TASK INSTRUCTIONS:
All of the data should be given again word for word, though the images are to be left out.
··· LISTED RECORDS
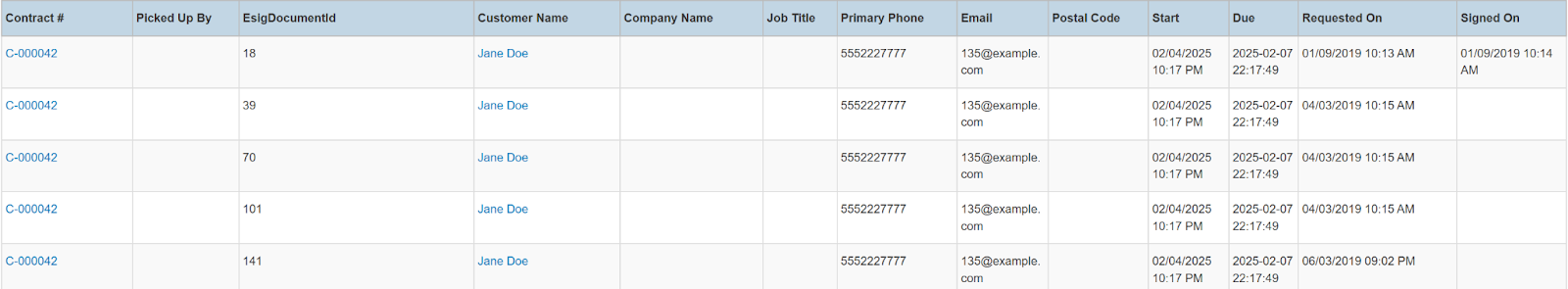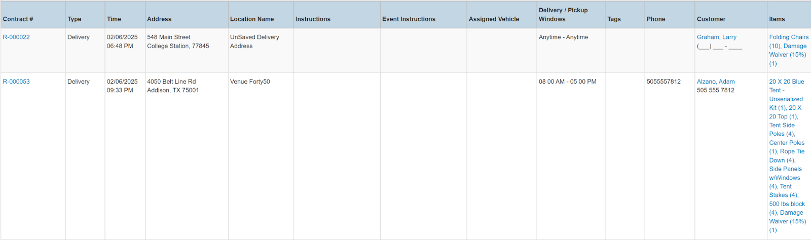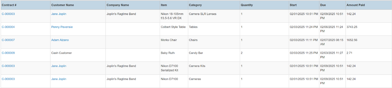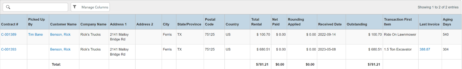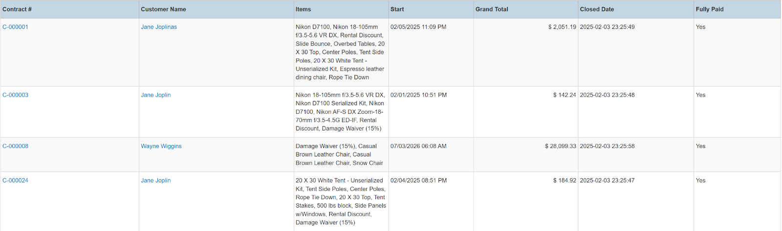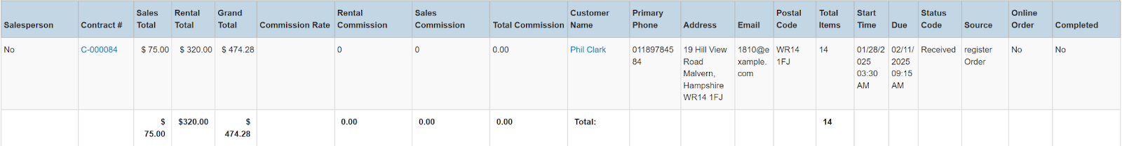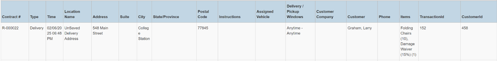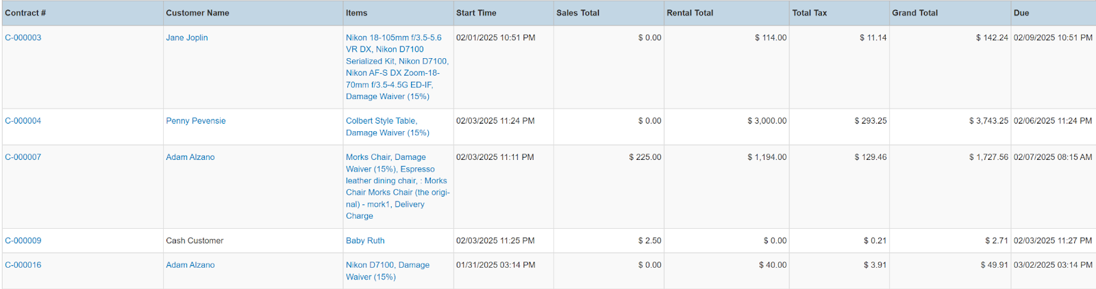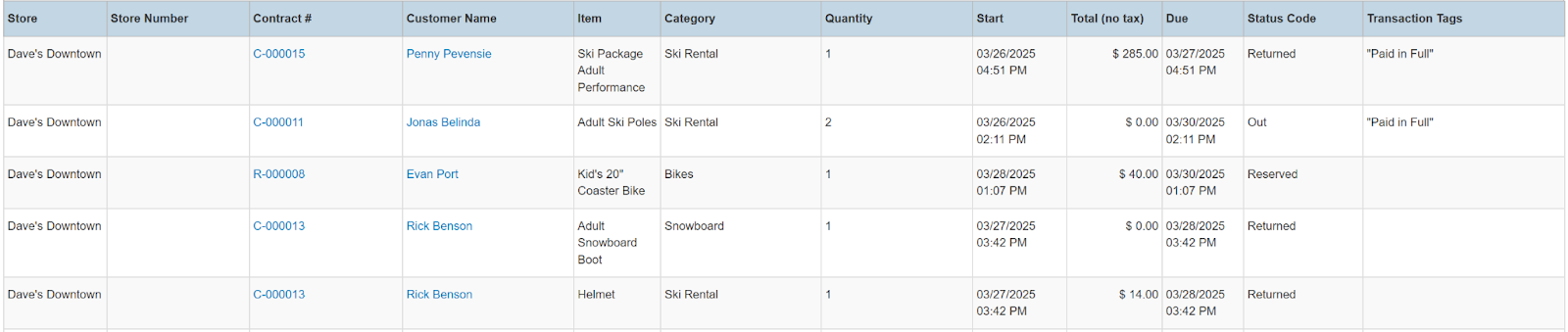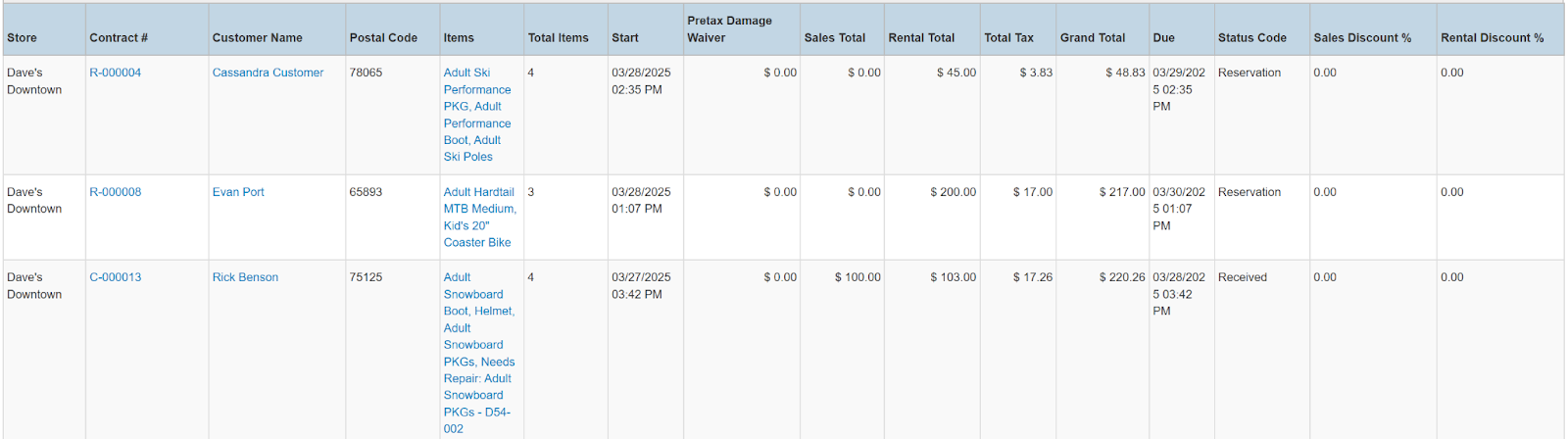 Columns: Store, Store Number, Contract #, Employees, Picked Up By, Customer Name, National Id, Remote Id, Company Name, Job Title, Primary Phone, Address, Email, Postal Code, Items, Total Items, Start, Pretax Damage Waiver, Tax Free Damage Waiver, Pretax Total, Sales Total, Rental Total, Total Tax, Grand Total, Due, Charged Duration, Source, Status Code, Online Order, Completed, Transaction Cancelled, Sales Discount %, Rental Discount %, Sale Discount Name, Sales Discount, Rental Discount Name, Rental Discount, Transaction Tags, Customer Tags
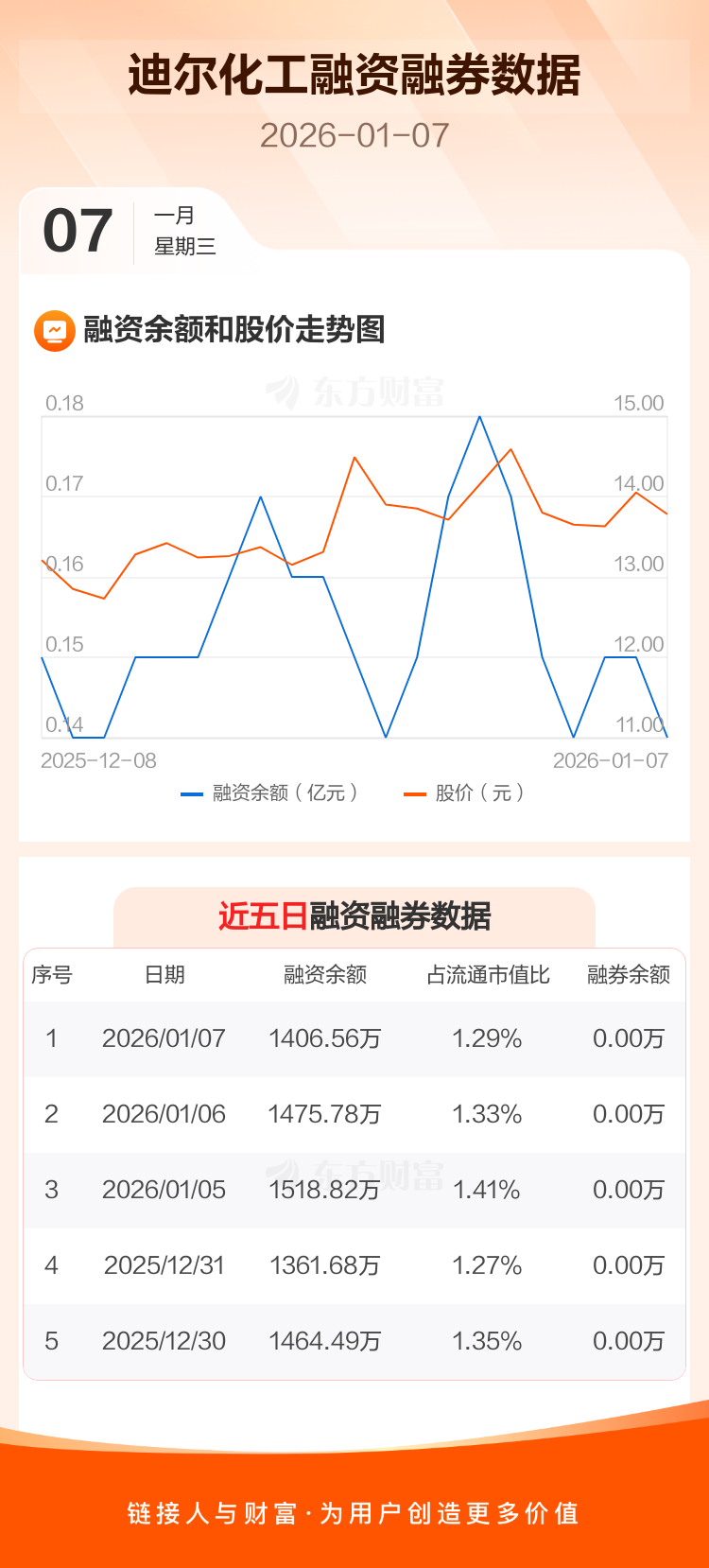 迪尔化工:融资净偿还69.22万元,融资余额1406.56万元
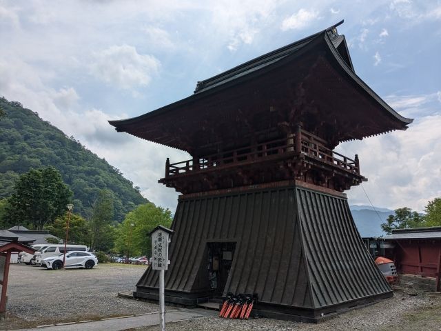 楼門の先には鐘楼。諸願成就の梵鐘が吊るされており、その音色は湖上に響き渡るそうです。
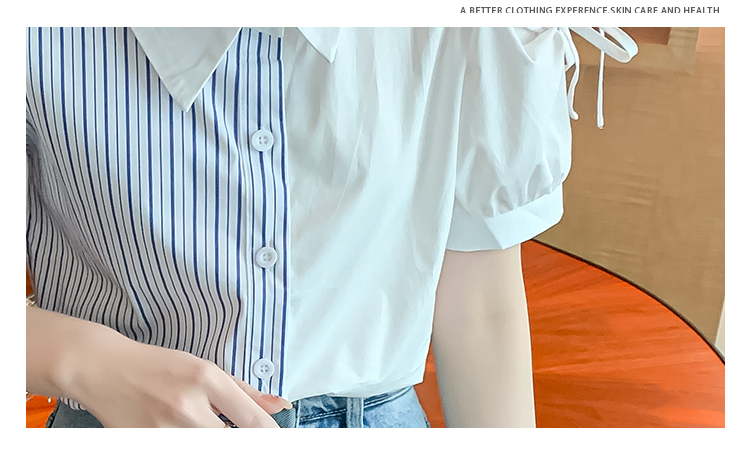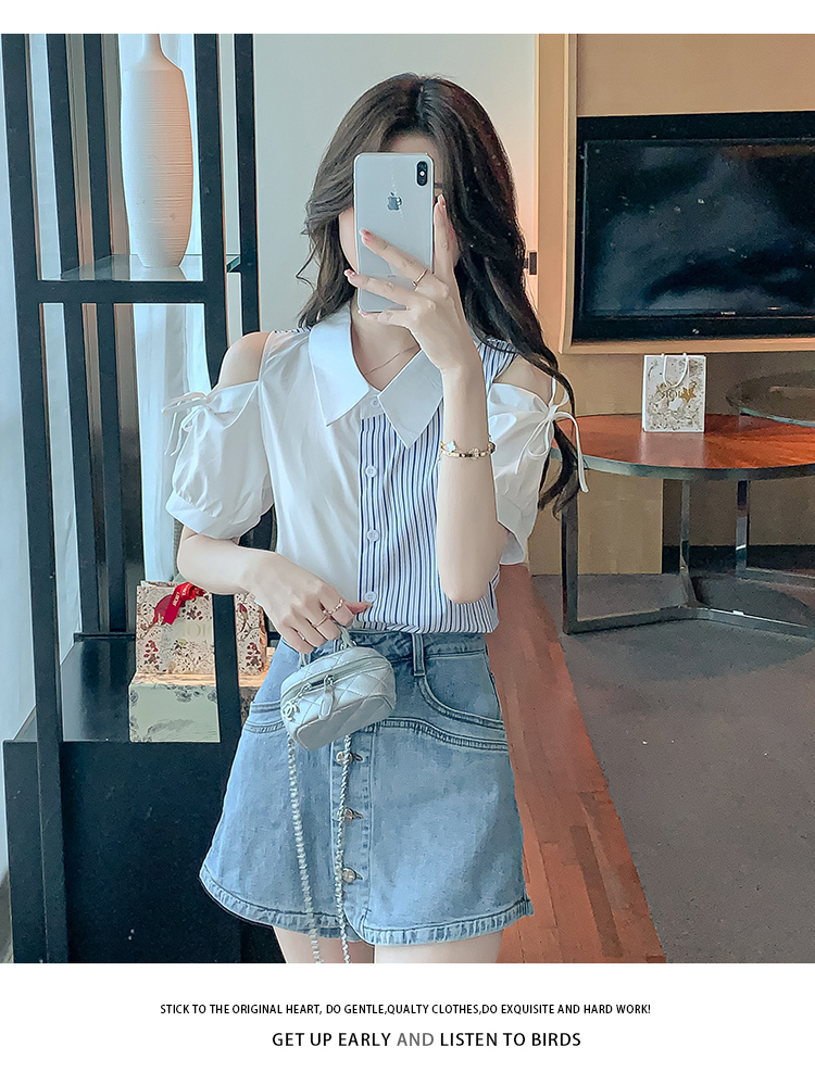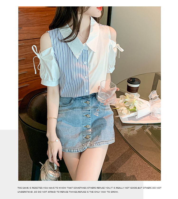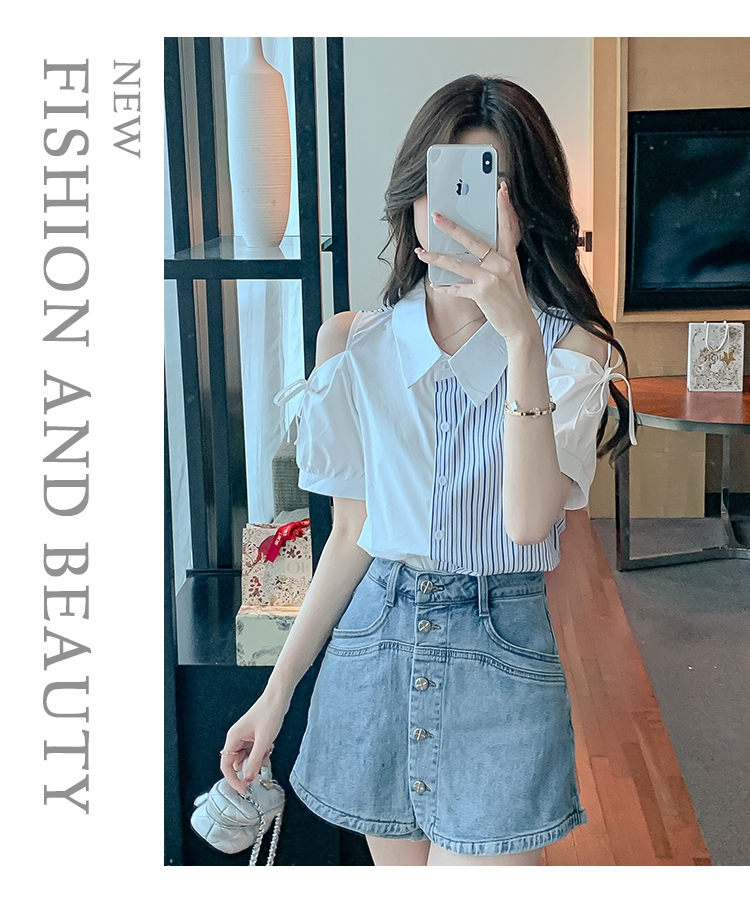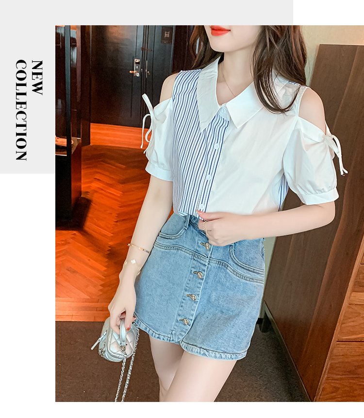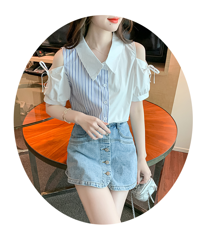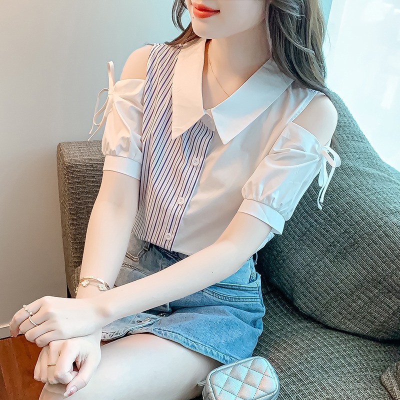 限量特惠|氣質翻領條紋拼接繫帶露肩襯衫(04H3519)
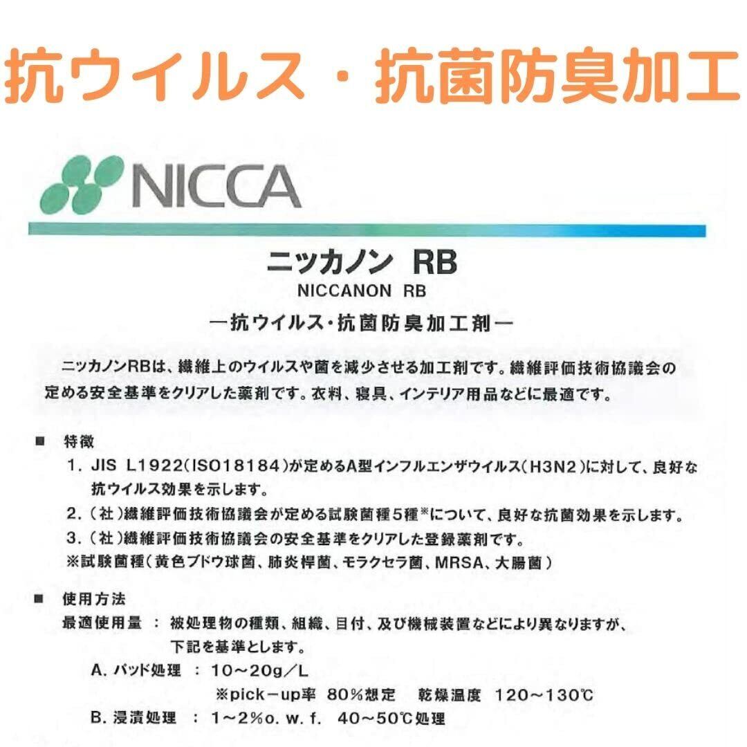 【抗ウイルス・防臭・防菌加工】抗ウイルス・抗菌防臭加工剤ニッカノンRBを使用しているので、使って安心です。洗濯して何度でもご利用頂けます。
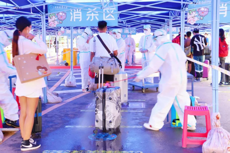 校团委注重工作实效,根据常态化疫情防控需求,积极响应学校号召,先后组织了700余名青年志愿者分时段、分批次开展入校学生疫情防控志愿服务工作,全力做好暖心工作。入校学生按要求从指定校门入口进校,入学通道志愿者们“全副武装”,身着防护服,佩戴口罩,严格遵守“行李消毒——扫码核验——查验体温——更换口罩——核验身份”以及检查健康码、通信大数据行程卡及核酸检测报告等程序。各环节均设有专人负责引导、衔接,环环相扣,让学生在返校“最后一公里”过程中感受学校的温暖。
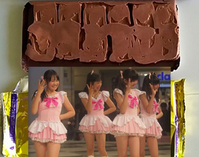 Un usuario japonés descubrió en una barra de chocolate la aparición milagrosa de un grupo idol. No había ninguna duda, la única explicación posible de éste inusual fenómeno era la intervención sobrenatural de alguna deidad idol, así lo expresaron usuarios de twitter al descubrir la milagrosa aparición en una barra de chocolate de la marca Alfort.
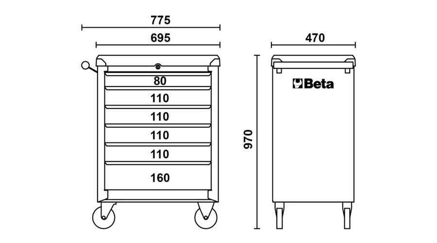 BETA BW C04BOX-A VU Worker 6 fiókos szerszámkocsi 196 darabos szerszámkészlettel
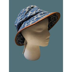 Coach Signature Denim Bucket Hat Leather Trim Unisex OS
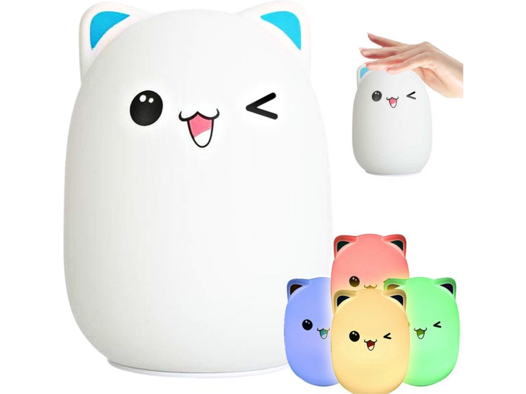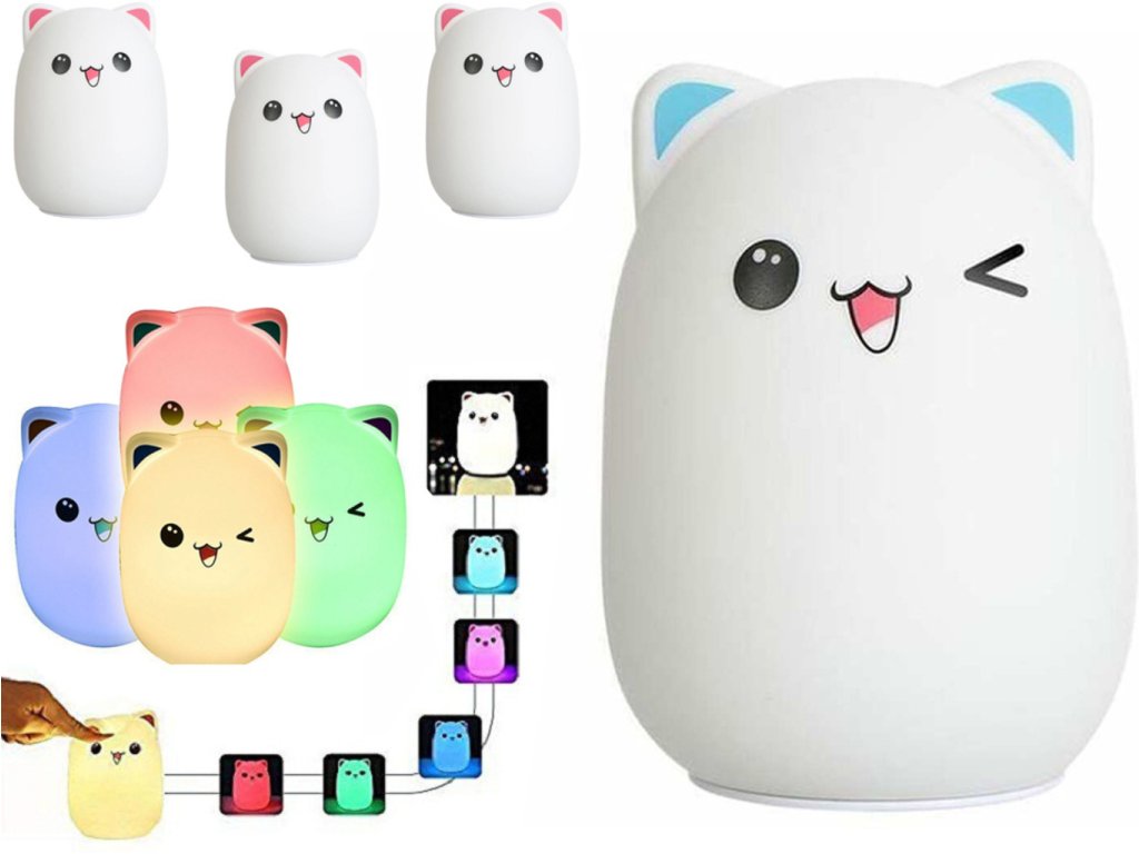 Noční RGB lampička dotyková kotě USB 1200mAh je skvělým dárkem pro chlapce i dívky, díky své odolnosti a snadnému použití potěší každé dítě.
······
SOLUTION BELOW:
 Columns: Store, Store Number, Contract #, Employees, Picked Up By, Customer Name, National Id, Remote Id, Company Name, Job Title, Primary Phone, Address, Email, Postal Code, Items, Total Items, Start, Pretax Damage Waiver, Tax Free Damage Waiver, Pretax Total, Sales Total, Rental Total, Total Tax, Grand Total, Due, Charged Duration, Source, Status Code, Online Order, Completed, Transaction Cancelled, Sales Discount %, Rental Discount %, Sale Discount Name, Sales Discount, Rental Discount Name, Rental Discount, Transaction Tags, Customer Tags
 迪尔化工:融资净偿还69.22万元,融资余额1406.56万元
 楼門の先には鐘楼。諸願成就の梵鐘が吊るされており、その音色は湖上に響き渡るそうです。
 限量特惠|氣質翻領條紋拼接繫帶露肩襯衫(04H3519)
 【抗ウイルス・防臭・防菌加工】抗ウイルス・抗菌防臭加工剤ニッカノンRBを使用しているので、使って安心です。洗濯して何度でもご利用頂けます。
 校团委注重工作实效,根据常态化疫情防控需求,积极响应学校号召,先后组织了700余名青年志愿者分时段、分批次开展入校学生疫情防控志愿服务工作,全力做好暖心工作。入校学生按要求从指定校门入口进校,入学通道志愿者们“全副武装”,身着防护服,佩戴口罩,严格遵守“行李消毒——扫码核验——查验体温——更换口罩——核验身份”以及检查健康码、通信大数据行程卡及核酸检测报告等程序。各环节均设有专人负责引导、衔接,环环相扣,让学生在返校“最后一公里”过程中感受学校的温暖。
 Un usuario japonés descubrió en una barra de chocolate la aparición milagrosa de un grupo idol. No había ninguna duda, la única explicación posible de éste inusual fenómeno era la intervención sobrenatural de alguna deidad idol, así lo expresaron usuarios de twitter al descubrir la milagrosa aparición en una barra de chocolate de la marca Alfort.
 BETA BW C04BOX-A VU Worker 6 fiókos szerszámkocsi 196 darabos szerszámkészlettel
 Coach Signature Denim Bucket Hat Leather Trim Unisex OS
 Noční RGB lampička dotyková kotě USB 1200mAh je skvělým dárkem pro chlapce i dívky, díky své odolnosti a snadnému použití potěší každé dítě.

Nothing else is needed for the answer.